Predominantly based within the cabin, Walden serves as a character driven play; Bryan identifies as an EA, an Earth Activist who believes in nurturing the ground around him, and the scenes between him and Cassie are the most revealing in opening up the discussion surrounding the absent, for Cassie and Stellam have had personal losses which they both have seem to of pushed aside, until now. All three performances are captivating, and you truly feel the weight of Bryan and Stella’s relationship, or lack of as the play unravels; Balogun particularly delivers the meatiest role in allowing us as an audience to understand the rivalry between the sisters; as it turns out, Stella did once work for Nasa, a dream in which she had as a child, but for reasons in which would hinder the enjoyment of the play for those looking to book, she has now found herself working in a much more grounded, and more natural, environment. 

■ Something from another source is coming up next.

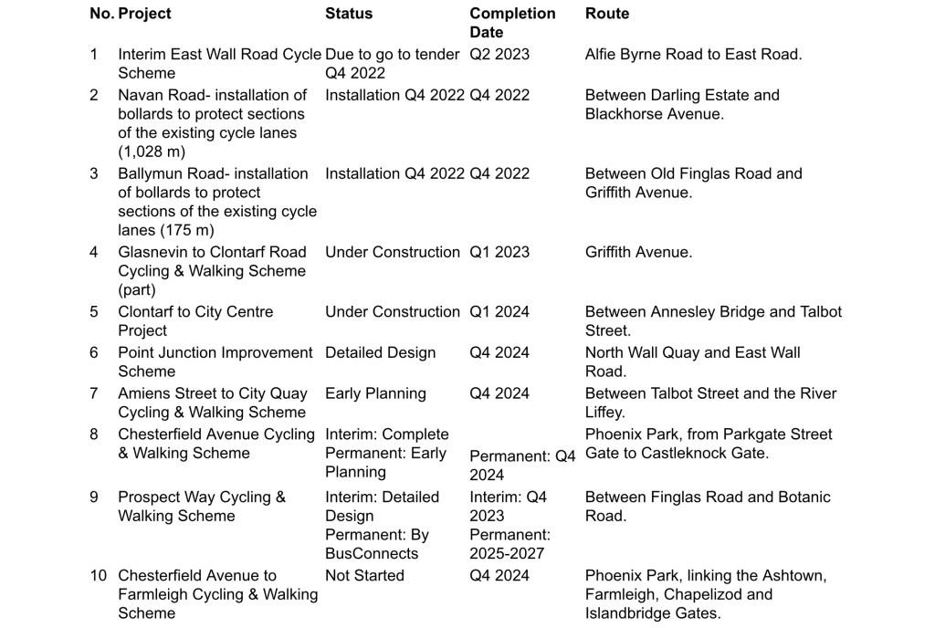 Prior to Christmas, I sought a progress report from the Active Travel Department of Dublin City Council on the planned cycling and walking infrastructure projects identified across the North Inner City.

Ian Rickson directs this production in a naturalistic way which further pushes the crux of the sister’s relationship; we often find them apart, or on opposite sides of their playing space, which allows us to feel the weight of the situation, finding Balogun often in the middle. There are also moments of humour which really lighten the load, and are delivered with such ease, but soon we are thrown a juggernaut which has us in the palm of those telling this story once again; Rae Smith’s set design builds up the world with comes through subtly, especially with a reveal from Azusa Ono’s lighting that feels a world away from what we have come to be acquainted with for the past 90 minutes.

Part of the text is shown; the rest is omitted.